His astuteness in spotting flaws in an instrument before an artiste can note them, had earned him a name even across the seas. When Jon B. Higgins, an American known for his prowess in Carnatic music, performed at Lawley Hall, St. Joseph’s College in Tiruchi, he was so impressed by Govindan’s work with the shruti box, that he ordered ten boxes to be crafted and shipped to York University, Toronto, where Higgins headed the music studies department. Govindan has preserved Higgin’s letter in 1974 which praises the craftsman’s ‘fine skill as an artisan’.

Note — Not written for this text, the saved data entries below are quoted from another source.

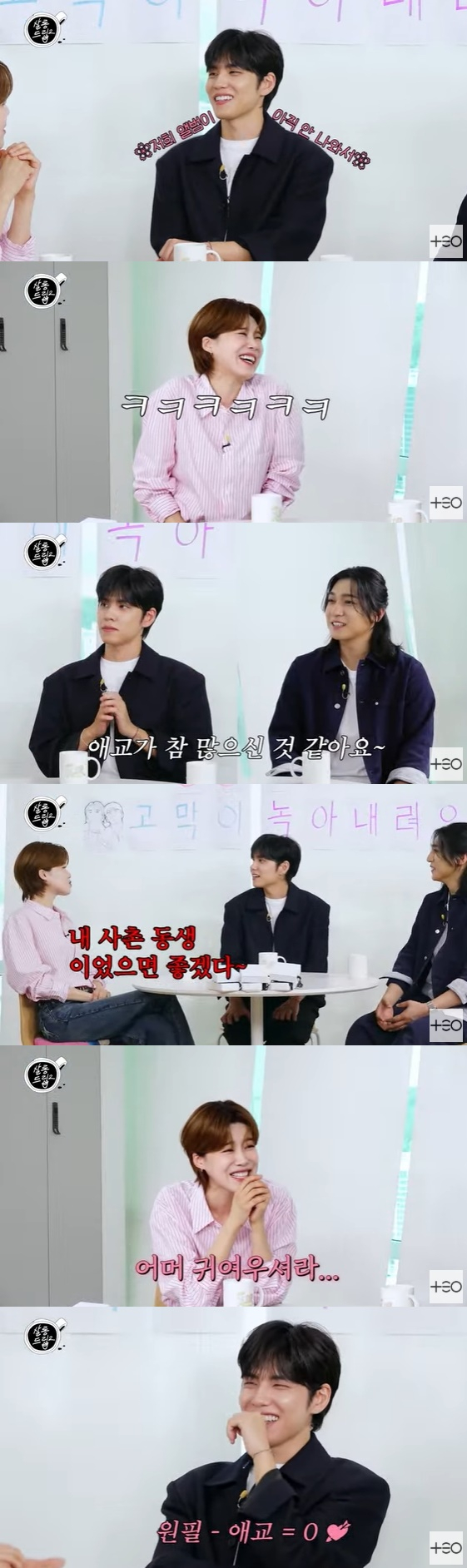 원필의 애교에 장도연은 "내 사촌 동생이었으면 좋겠다. 누나들이 엄청 예뻐할 것 같다"라고 감탄했다.
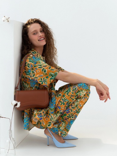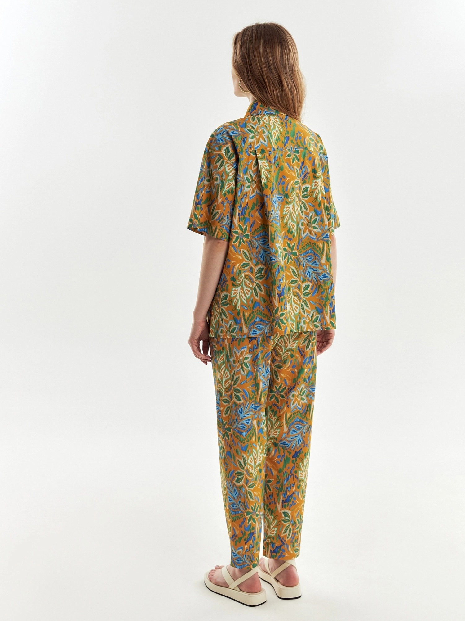 Свободная хлопковая блуза в принте идеально впишется в ваш весенний гардероб. Короткий и широкий рукав позволит активно проводить время в городе. Отложной воротник, застежка на пуговицы. На полочке накладные карманы с клапанами. На спинке кокетка с бантовой складкой. Спинка длине полочки, у блузы есть разрезы по бокам.
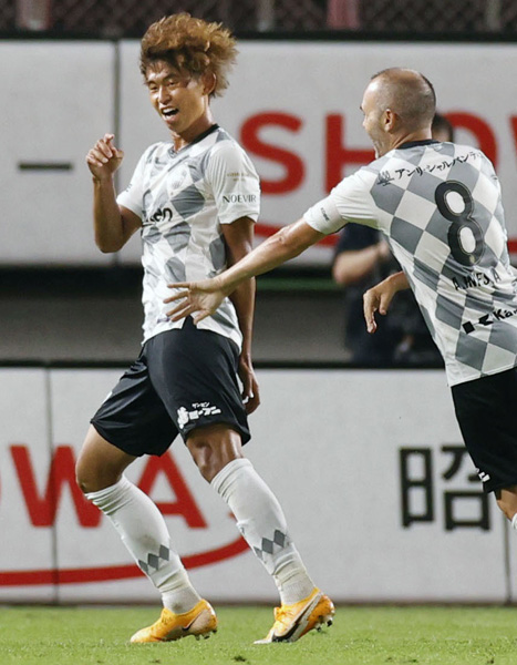 ゴールを決めてイニエスタに祝福される郷家(C)共同通信社
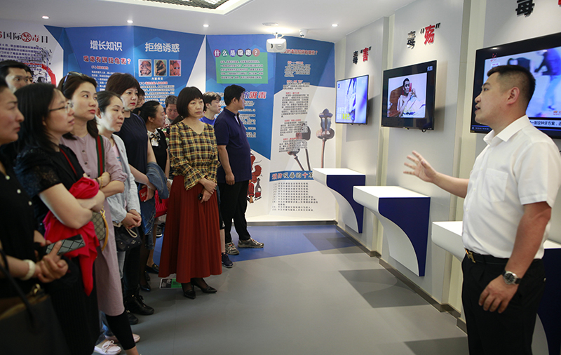 参观过程中,南岗区禁毒警示教育基地张铭泽警官从百年前的鸦片战争讲起,借助实物、图片、模型、视频短片等,从毒品的种类、毒品的危害做了详细讲解。教师党员们认真聆听专业解说,全方位、多角度了解了百年中国禁毒史、典型毒品案例、禁毒成果及禁毒人民战争取得胜利的事迹。展厅内一幅幅生动的禁毒教育照片、一幕幕触目惊心的吸毒者悲惨经历、一件件惊心动魄的真实案例,让教师党员们受到了深深的触动。
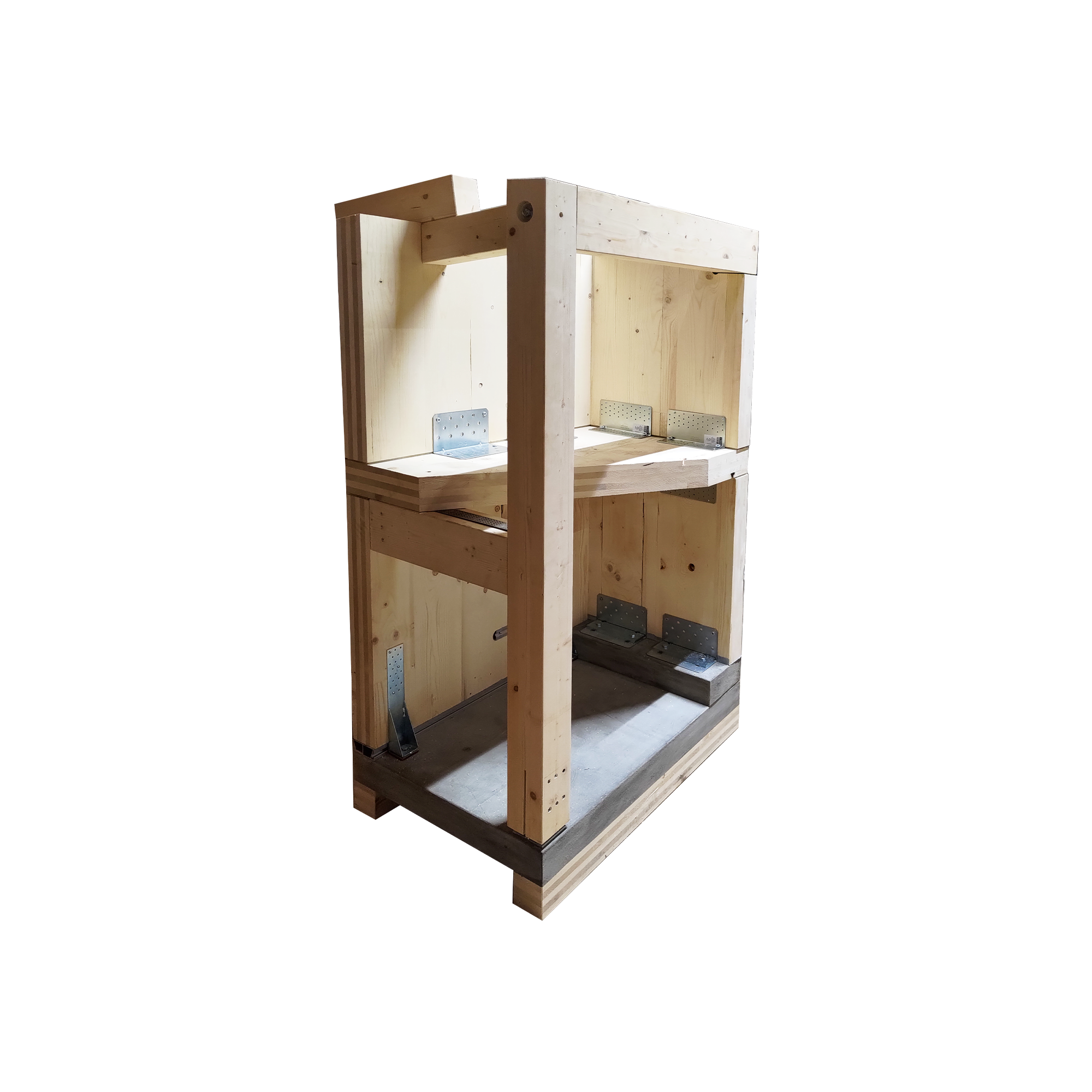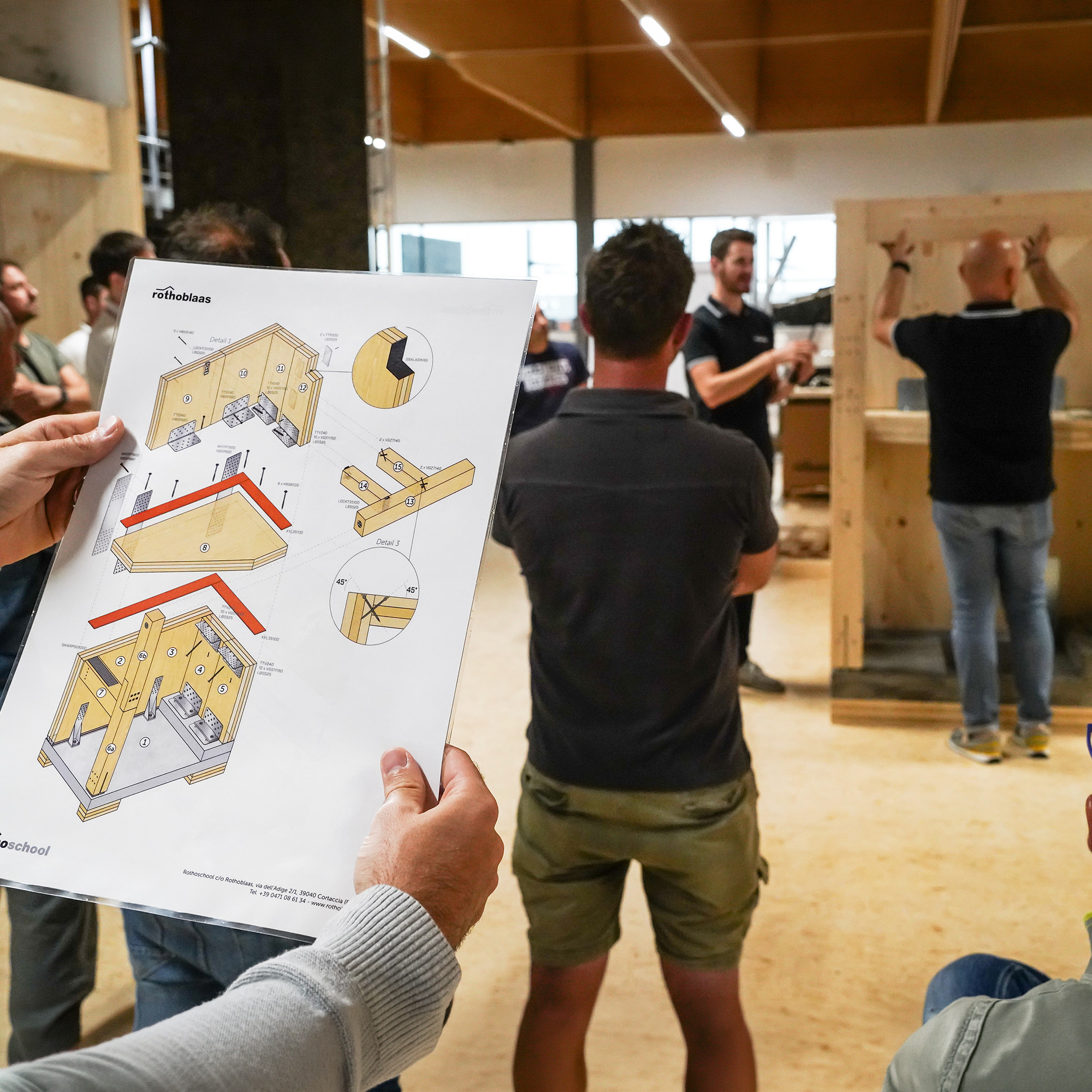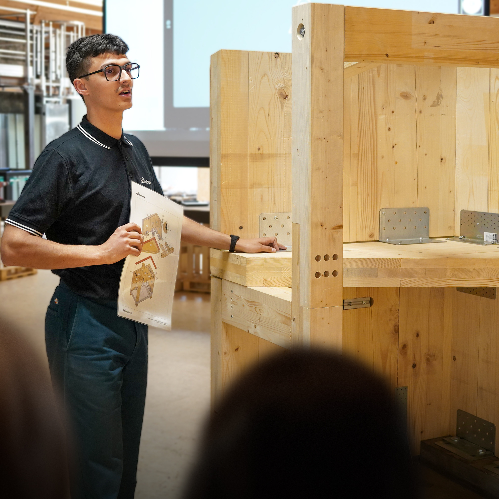 The display allows participants to understand how connections work, showing how structural screws, plates and connectors work together to transfer loads between panels and beams.
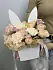 Особенностью букета является влагоудерживающая губка на дне вазы, которая обеспечивает растения водой и предотвращает их увядание.
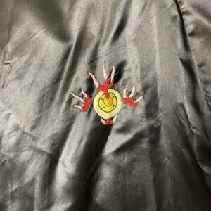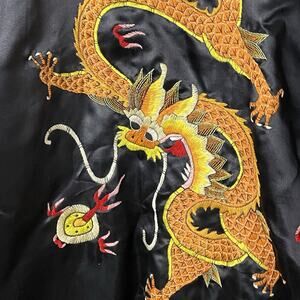 VTG MCM Asian Black Silk Embroidered Golden Chinese Dragon Robe Kimono Sz S/M/L
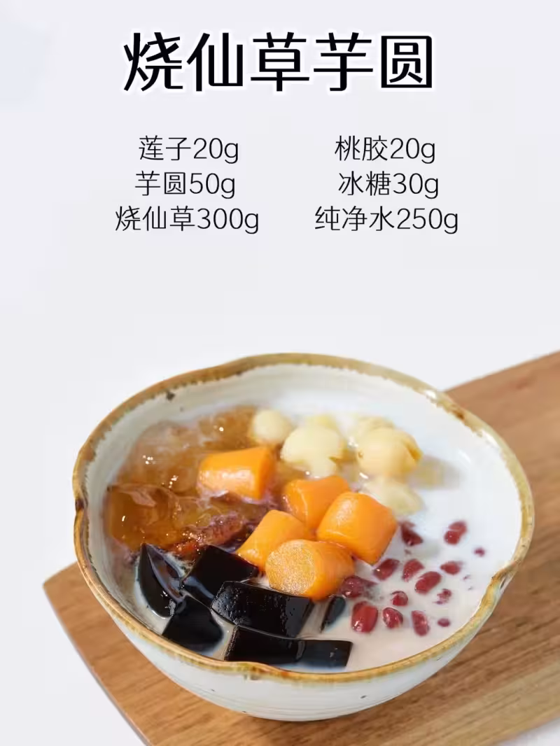 燒仙草切塊鋪底,搭配煮熟芋圓與蓮子,桃膠提前泡發後加入,淋上冰糖水。清涼潤喉,解熱降火。
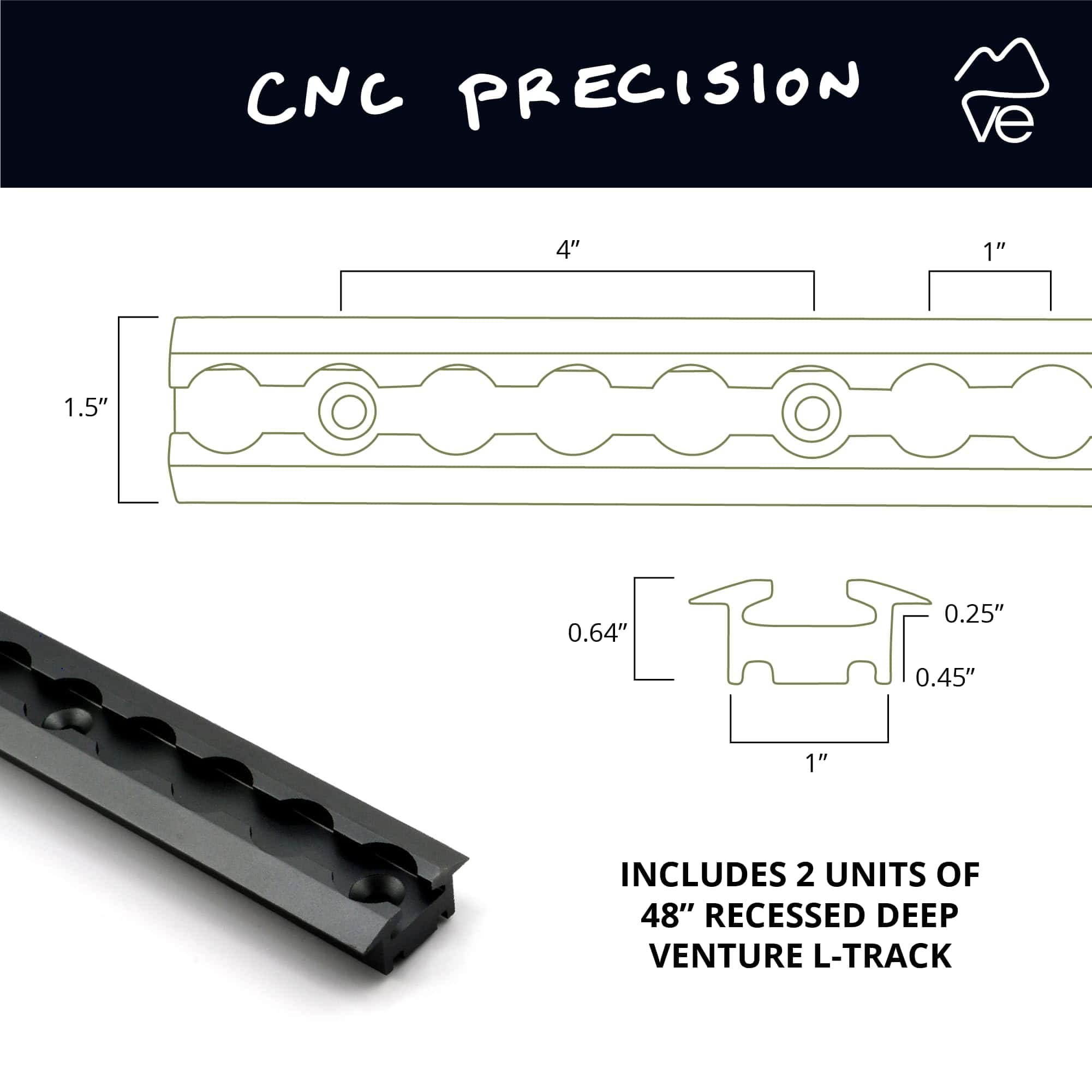 Kit de rieles de 48″ Venture Track T-6 de aluminio negro

Making a name came only after years of hard labour, acknowledges Govindan, though the craftsmanship perhaps runs in his genes with maternal grandfather Somachariyar who was the first in his family to fix instruments in his shop at Kumbakonam. “But I owe everything to my uncle and guru, Gangadhar Acharya , who took me under his wings after my father died. I have little education to boast of but I spent 20 years in Kumbakonam learning the nuances from him, before I set up shop in Tiruchi in 1970,” narrates Govindan. “The great violinist Rajamanickam Pillai had praised my guru, saying there is no equal to him,” says Govindan, producing another letter. It was the idea of Virudhunagar L. Ganapathiar pillai, an AIR artiste, who suggested Govindan move to Tiruchi to further his prospects. “When I arrived here it was Alathur Thiyagarajan , secretary of the Sri Sathguru Tyagabrahma aradhana Trust, who not only spread the good word about me, but also allotted space for me to open a shop in front of his house.”
Though the father-son do not work on wind instruments like the nadhaswaram, they have restored old church organs, accordions and guitars. Govindan also takes pride in the fact that he has crafted the first sruthi box for many upcoming musicians. “The secret of this trade is all about customizing according to the artiste’s need,” says Vijyakumar, who joined his father in 1993. He demonstrates that nuances matter with a tiny stick. “This is the sounding post which holds the upper and lower boards of a violin together. Fixing it in the right place, according to the playing style of the musician makes a difference.”
Govindan feels his musical sojourn may end soon. “I only hope the future is good for the next generation.” Today with electronic shruti boxes and service centres available for each brand, Vijayakumar is more of an authorised dealer for instruments than a craftsman. “Though restoration has gone the electronic way, our veenas and violins still require the human touch,” he believes.